I wanted to show my class how mplus does FIML by default, but it appears that thus isn't the case for a linear regression with a single, observed, continuous outcome. I have a demo data set with 20 cases. The data are complete for the predictors and half are missing for Y. If I simply regress Y on X1 and X2, it drops the cases with missing data on Y, even though I have not specificed "LISTWISE=ON" in the data step. The estimates are the same as what I get in SPSS using listwise deletion. Am I correct then, that FIML is not the default in regression with a single DV? That is question #1.
Now for question #2. I know I can force Mplus to use all the cases by naming the variances of X1 and X2. But when I do so, I get the exact same unstandardized estimates and SEs as in the listwise deleted model. Why would that be? I thought that naming the variances would trigger FIML and that FIML would produce less biased (i.e., different) unstandardized estimates.

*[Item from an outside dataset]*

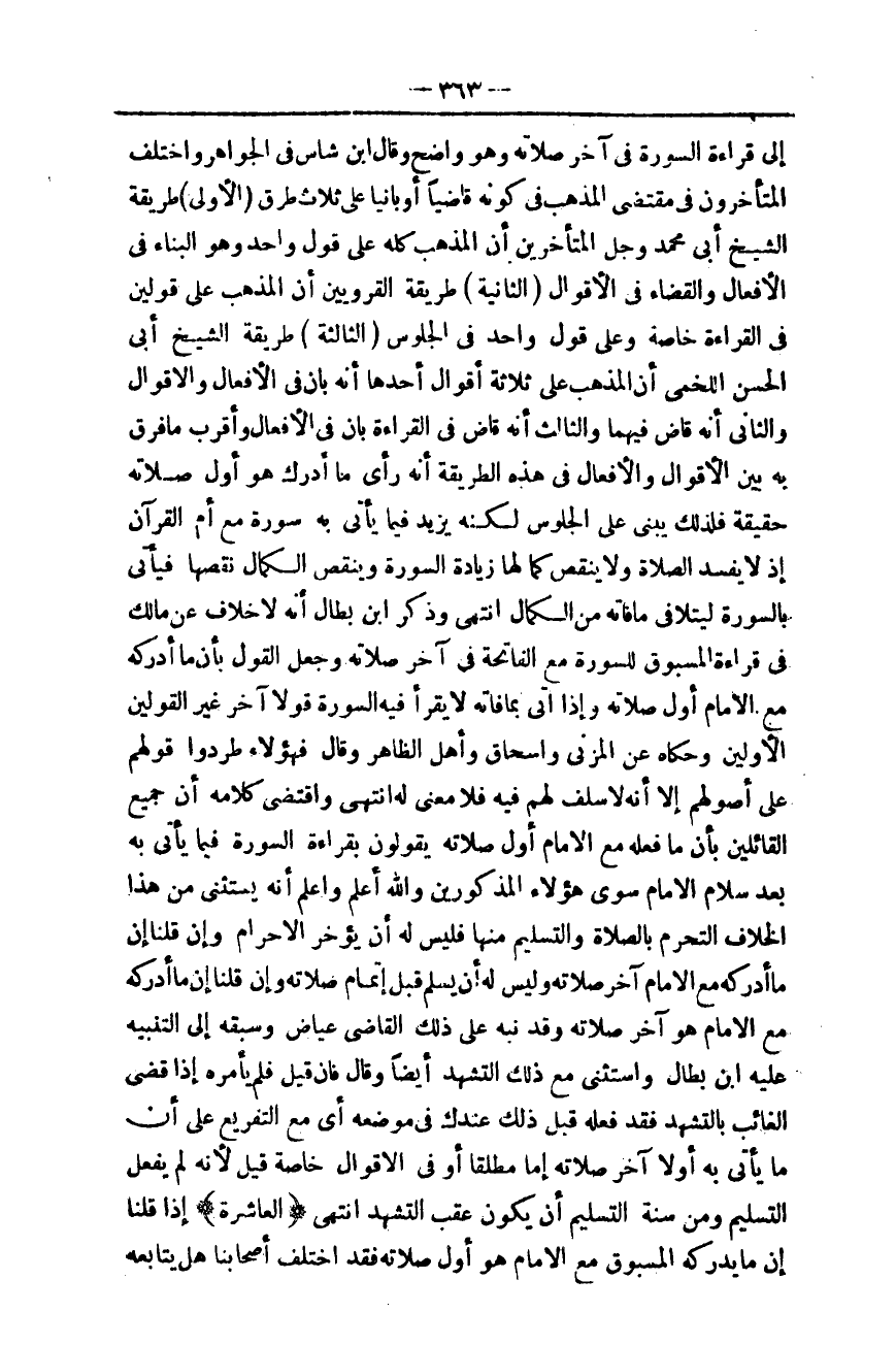 (الثَّالِثَةُ) طَرِيقَةُ الشَّيْخِ أَبِي الْحَسَنِ اللَّخْمِيِّ أَنَّ الْمَذْهَبَ عَلَى ثَلَاثَةِ أَقْوَالٍ أَحَدِهَا أَنَّهُ بَانٍ فِي الْأَفْعَالِ وَالْأَقْوَالِ وَالثَّانِي أَنَّهُ قَاضٍ فِيهِمَا وَالثَّالِثِ أَنَّهُ قَاضٍ فِي الْقِرَاءَةِ بَانٍ فِي الْأَفْعَالِ وَأَقْرَبُ مَا فَرَّقَ بِهِ بَيْنَ الْأَقْوَالِ وَالْأَفْعَالِ فِي هَذِهِ الطَّرِيقَةِ أَنَّهُ رَأَى مَا أَدْرَكَ هُوَ أَوَّلُ صَلَاتِهِ حَقِيقَةً فَلِذَلِكَ يَبْنِي عَلَى الْجُلُوسِ لَكِنَّهُ يَزِيدُ فِيمَا يَأْتِي بِهِ سُورَةً مَعَ أُمِّ الْقُرْآنِ إذْ لَا يُفْسِدُ الصَّلَاةَ وَلَا يَنْقُصُ كَمَالَهَا زِيَادَةُ السُّورَةِ وَيَنْقُصُ الْكَمَالَ نَقْصُهَا فَيَأْتِي بِالسُّورَةِ لِيَتَلَافَى مَا فَاتَهُ مِنْ الْكَمَالِ انْتَهَى.

I have replicated this phenomenon in a larger data set, where I know for sure that the probability of missing data on Y is conditioned on one of the X variables.

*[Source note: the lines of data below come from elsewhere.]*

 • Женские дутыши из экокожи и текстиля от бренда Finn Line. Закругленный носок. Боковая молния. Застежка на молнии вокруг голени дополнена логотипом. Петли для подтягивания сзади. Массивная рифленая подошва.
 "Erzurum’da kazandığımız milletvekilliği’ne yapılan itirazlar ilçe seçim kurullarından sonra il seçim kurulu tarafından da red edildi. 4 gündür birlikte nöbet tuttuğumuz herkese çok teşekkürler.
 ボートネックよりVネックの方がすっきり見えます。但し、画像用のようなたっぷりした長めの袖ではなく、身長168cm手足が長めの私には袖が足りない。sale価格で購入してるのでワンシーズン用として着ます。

I am considering how to address missing data for plain multiple linear regression (i.e., 1 DV measured as an observed variable). I have missing data on both the DV and predictors.
1. If you include auxiliary variables in this case, does this add to the model estimation? Saturated correlates examples often focus on latent variable models.
2. For this model, what would be the FIML equivalent in Mplus of completing multiple imputation on IVs and DV while including extra auxiliary covariates during the MI process? It appears from the answer to the prior question that naming the variances of Xs does not affect the slopes if Y is missing.